Hey! You want customers to be able to find you, yes? You want to give the search engines clear signals as to where you’re located and what neighborhoods you’re associated with, yes? Fantastic. Then stop hiding and put a darn map and location information on your Web site.

Daisy Bakers, a Troy, NY restaurant known for its fine dining and, um, “spirits” does a great job with this, providing the search engines with lots of clues about where they’re located, while also making it easy for users to see where they are, when they’re open, and how to get there. You would think it’d be easy to find an example of a restaurant that doesn’t actively hide from its customer base but, well, you’d be wrong.

Make sure your business address, phone number, and a map to your storefront are all located on your Web site for customer use.

Use Spiderable Menus

There are many, many problems with the Web site for Troy coffeehouse Spill N Beans. Like, for example, the fact that it looks like it was built on Geocities. Or that its text runs over itself and there are things that flash at me. However, there’s one aspect that bothers me most of as someone often unsure of what I want for lunch.

It’s that their menu comes in two forms – Unreadable and Adobe.

As a restaurant, your menu information should be easily readable to users and searchers. It should NOT be a scan of the menu you hand out to patrons when they walk through the door.  It should be actual text that both users and the engines can decipher. Are you going to rank for that Southwestern Burger? Probably not, but you want the engines to be able to return that page to a user when they’re looking for it. Because they will be looking for it. And when they get there, you best be servin’ them with a page they can actually read and pass around to their coworkers while everyone puts together a lunch over. Otherwise, you’re alienating hungry people. Never wise.

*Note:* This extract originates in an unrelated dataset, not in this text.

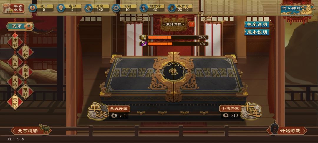宝匣就是抽卡,不过抽出来的是文物以及材料

Last year, Chris Silver Smith wrote a post about SEOing menus and recommended also submitting your restaurant menu to a service like Dotmenu, which feeds into Google and other services. I would strongly concur.

Include Images…and Optimize Them

Over at SmallBizTrends, I wrote about how small business owners could take advantage of Google Business Photos, where a Google-sponsored photographer would could out and take pictures of their business to enhance their Google Place Page. I also mentioned how small business could also do this themselves and how they didn’t need to wait for Google . This is still the case.

Break out your camera and take photos of your storefront, your employees, interesting dishes you serve, happy customers, your outdoor patio, your bar with 20 different local beers on tap, etc. This is the kind of content users want to see when they’re deciding where they want to go grab a meal with their friends. Once you have the pictures, do yourself a favor and optimize them for local search so that it shows up in Image search and universal search.

Offer Social Media Signals

If you’re a local bakery on Facebook and you’re tweeting the moment the bread comes out of the oven – make sure your Twitter information is front and center on your Web site. Because I want to know that. If you’re a coffee shop and you’re using Facebook to promote events and open mic nights, make sure I can find that information. If you have a strong presence on Yelp, give me that. These are the signals users look for when they’re evaluating a restaurant online. Give us the content we want and you’re more likely to get us walking through your door to purchase that $8 cupcake. Trust me. It’s great that you’re going out and creating these new conversation hubs, now tie them into your core experience.

As a restaurant, whether local or big brand, you know people are searching for you. So why hide? What drives you nuts about bad SEO by restaurants?